TASK DIRECTIONS: Your output is to consist only of the line containing "Denne moderne luksusvilla" and the lines after it, through the end of the data, reproduced exactly.

(Stored dataset items)

-*-

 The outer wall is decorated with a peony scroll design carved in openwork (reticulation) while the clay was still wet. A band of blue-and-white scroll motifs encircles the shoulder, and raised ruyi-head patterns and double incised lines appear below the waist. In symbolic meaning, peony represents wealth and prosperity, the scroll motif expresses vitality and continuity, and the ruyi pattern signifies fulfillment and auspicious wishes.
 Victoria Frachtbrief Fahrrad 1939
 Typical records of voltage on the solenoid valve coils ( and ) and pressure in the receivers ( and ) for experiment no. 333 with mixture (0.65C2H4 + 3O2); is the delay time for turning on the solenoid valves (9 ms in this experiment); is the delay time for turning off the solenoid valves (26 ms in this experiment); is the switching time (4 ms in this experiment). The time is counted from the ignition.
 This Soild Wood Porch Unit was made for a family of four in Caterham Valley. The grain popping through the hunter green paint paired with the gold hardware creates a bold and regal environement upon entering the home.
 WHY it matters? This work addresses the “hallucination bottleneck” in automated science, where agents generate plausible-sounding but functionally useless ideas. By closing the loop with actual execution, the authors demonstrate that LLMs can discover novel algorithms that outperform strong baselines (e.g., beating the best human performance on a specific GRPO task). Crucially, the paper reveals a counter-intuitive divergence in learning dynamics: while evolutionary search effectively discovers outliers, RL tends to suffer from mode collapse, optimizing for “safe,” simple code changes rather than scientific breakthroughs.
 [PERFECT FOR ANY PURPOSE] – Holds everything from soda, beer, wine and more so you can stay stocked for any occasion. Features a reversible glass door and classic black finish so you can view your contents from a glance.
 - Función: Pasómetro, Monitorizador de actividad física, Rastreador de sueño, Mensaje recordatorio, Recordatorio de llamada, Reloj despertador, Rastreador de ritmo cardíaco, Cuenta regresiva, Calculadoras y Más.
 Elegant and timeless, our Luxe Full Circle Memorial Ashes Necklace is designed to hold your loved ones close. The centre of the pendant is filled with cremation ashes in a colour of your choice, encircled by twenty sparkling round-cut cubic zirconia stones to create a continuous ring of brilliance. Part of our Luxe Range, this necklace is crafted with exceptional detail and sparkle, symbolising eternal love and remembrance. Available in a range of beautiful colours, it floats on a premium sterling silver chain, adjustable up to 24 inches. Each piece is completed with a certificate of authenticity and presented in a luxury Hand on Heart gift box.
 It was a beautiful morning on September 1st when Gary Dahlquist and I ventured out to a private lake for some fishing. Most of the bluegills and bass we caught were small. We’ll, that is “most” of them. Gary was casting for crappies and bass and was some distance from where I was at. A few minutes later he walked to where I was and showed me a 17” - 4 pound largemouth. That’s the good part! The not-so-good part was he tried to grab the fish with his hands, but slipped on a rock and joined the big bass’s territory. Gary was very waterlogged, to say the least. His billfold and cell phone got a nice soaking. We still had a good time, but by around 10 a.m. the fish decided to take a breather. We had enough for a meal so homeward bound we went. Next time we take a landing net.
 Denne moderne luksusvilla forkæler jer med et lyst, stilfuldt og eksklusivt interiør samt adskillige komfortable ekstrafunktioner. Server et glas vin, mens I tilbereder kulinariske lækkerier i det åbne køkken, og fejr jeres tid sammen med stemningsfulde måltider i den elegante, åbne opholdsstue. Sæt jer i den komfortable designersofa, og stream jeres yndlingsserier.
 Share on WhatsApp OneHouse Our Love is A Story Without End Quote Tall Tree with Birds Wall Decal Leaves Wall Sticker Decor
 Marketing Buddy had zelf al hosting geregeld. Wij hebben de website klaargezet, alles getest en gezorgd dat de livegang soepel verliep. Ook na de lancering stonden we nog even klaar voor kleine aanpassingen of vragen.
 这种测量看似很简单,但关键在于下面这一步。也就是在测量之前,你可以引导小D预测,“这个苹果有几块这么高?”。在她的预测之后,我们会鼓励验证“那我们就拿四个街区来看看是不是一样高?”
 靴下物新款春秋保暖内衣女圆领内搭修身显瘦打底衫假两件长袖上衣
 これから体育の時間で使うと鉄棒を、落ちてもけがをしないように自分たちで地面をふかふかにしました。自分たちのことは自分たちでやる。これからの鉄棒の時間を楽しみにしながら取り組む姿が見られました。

-*-

OUTPUT OF THE TASK:
 Denne moderne luksusvilla forkæler jer med et lyst, stilfuldt og eksklusivt interiør samt adskillige komfortable ekstrafunktioner. Server et glas vin, mens I tilbereder kulinariske lækkerier i det åbne køkken, og fejr jeres tid sammen med stemningsfulde måltider i den elegante, åbne opholdsstue. Sæt jer i den komfortable designersofa, og stream jeres yndlingsserier.
 Share on WhatsApp OneHouse Our Love is A Story Without End Quote Tall Tree with Birds Wall Decal Leaves Wall Sticker Decor
 Marketing Buddy had zelf al hosting geregeld. Wij hebben de website klaargezet, alles getest en gezorgd dat de livegang soepel verliep. Ook na de lancering stonden we nog even klaar voor kleine aanpassingen of vragen.
 这种测量看似很简单,但关键在于下面这一步。也就是在测量之前,你可以引导小D预测,“这个苹果有几块这么高?”。在她的预测之后,我们会鼓励验证“那我们就拿四个街区来看看是不是一样高?”
 靴下物新款春秋保暖内衣女圆领内搭修身显瘦打底衫假两件长袖上衣
 これから体育の時間で使うと鉄棒を、落ちてもけがをしないように自分たちで地面をふかふかにしました。自分たちのことは自分たちでやる。これからの鉄棒の時間を楽しみにしながら取り組む姿が見られました。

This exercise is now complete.